* Task item
The answer is the full listing restated exactly, without any pictures.

* Data segment
..........

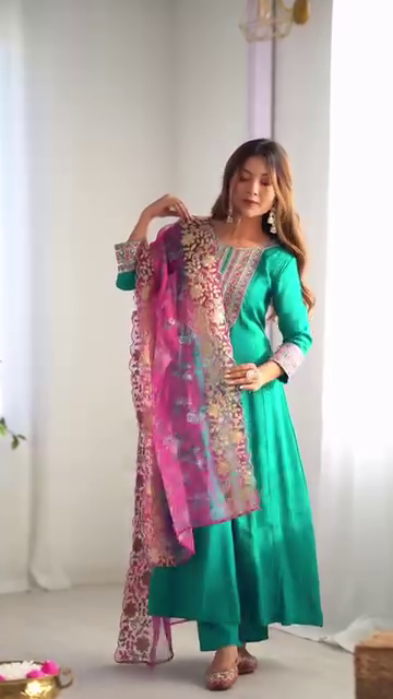 A woman radiates grace in a flowing emerald green Anarkali suit accented with intricate embroidery along the neckline and sleeves. She pairs the outfit with a vibrant pink floral dupatta richly detailed with gold patterns, adding a striking contrast to the look. Set in a softly lit space with natural light streaming in, the ensemble captures timeless festive charm and refined traditional beauty.
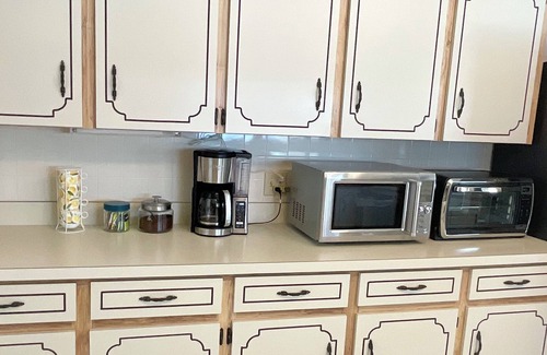 Large kitchen is fully equipped with appliances and also has counter seating for 4. (Please note, kitchen/laundry room tile is extremely slippery when wet.)
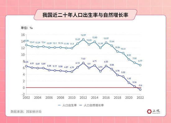 值得注意的是,2022年我国人口出生率为6.77‰,人口自然增长率-0.60‰,这是我国自1960年(-4.57‰)后人口自然增长率首次呈现负数。

..........

* Your response
 A woman radiates grace in a flowing emerald green Anarkali suit accented with intricate embroidery along the neckline and sleeves. She pairs the outfit with a vibrant pink floral dupatta richly detailed with gold patterns, adding a striking contrast to the look. Set in a softly lit space with natural light streaming in, the ensemble captures timeless festive charm and refined traditional beauty.
 Large kitchen is fully equipped with appliances and also has counter seating for 4. (Please note, kitchen/laundry room tile is extremely slippery when wet.)
 值得注意的是,2022年我国人口出生率为6.77‰,人口自然增长率-0.60‰,这是我国自1960年(-4.57‰)后人口自然增长率首次呈现负数。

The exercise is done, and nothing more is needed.